The modern NHL has some dynamic sibling pairs that have found themselves in the spotlight in recent history, with the Hughes brothers and Tkachuk brothers excelling during the USA Olympic victory and for their respective NHL teams. With this in mind, we decided to look into who are the best siblings in NHL history, and look deeper at those individuals. We will also look into if NHL players with siblings are better or worse than players without siblings? Siblings often compete with one another, and push eachother to be better, so will one brother motivate others to make the NHL.

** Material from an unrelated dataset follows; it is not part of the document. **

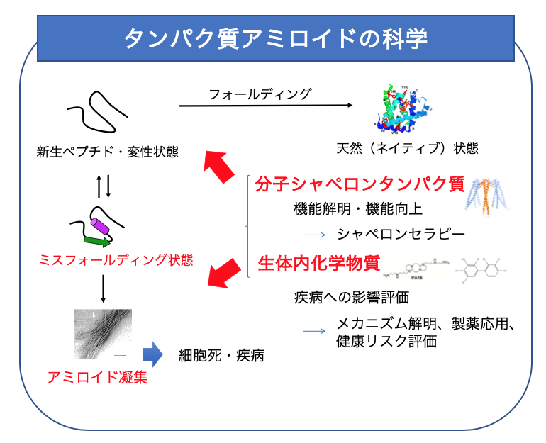 近年、タンパク質ミスフォールディング病とよばれる、天然構造が壊れ、間違ったフォールディング(ミスフォールディング)をしたタンパク質が凝集することが原因で病気が引き起こされる例が多く見つかり、社会的問題となっています。代表的な疾病であるアルツハイマー病においてはアミロイドβタンパク質(Aβ)などのアミロイド凝集体が主な病因と考えられています。
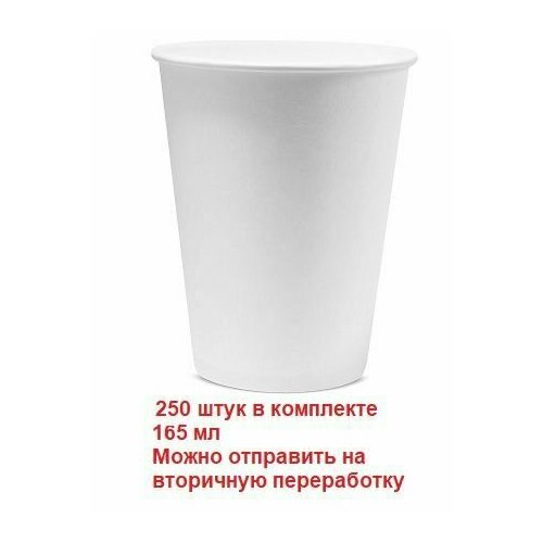 Стакан бумажный однослойный "Белый" 165мл, 250 шт в упаковке

For this project there are 2 data sets. First we used skater data scraped from Hockey Reference which has a complete list of all skaters in NHL history, goalies are not included as they have a different skillset and statistical profile. This data set has 7898 rows and 24 columns, each row representing a player and their career statistics. This data set holds player information dating back to 1918 so the data set is not fully complete, with not all statistics collected for the entire history of the NHL. For instance, advanced statistics like plus minus, time on ice, or even strength goals are not collected for the early years of players. The other data set used is scraped from Wikipedia and is a list of all all siblings who have played in the NHL with an ID to determine which set of siblings each player belongs to. This data set has 711 rows and 5 columns, with each row containing 1 player from each set of siblings, along with the family name, id, and country of orgin for some players.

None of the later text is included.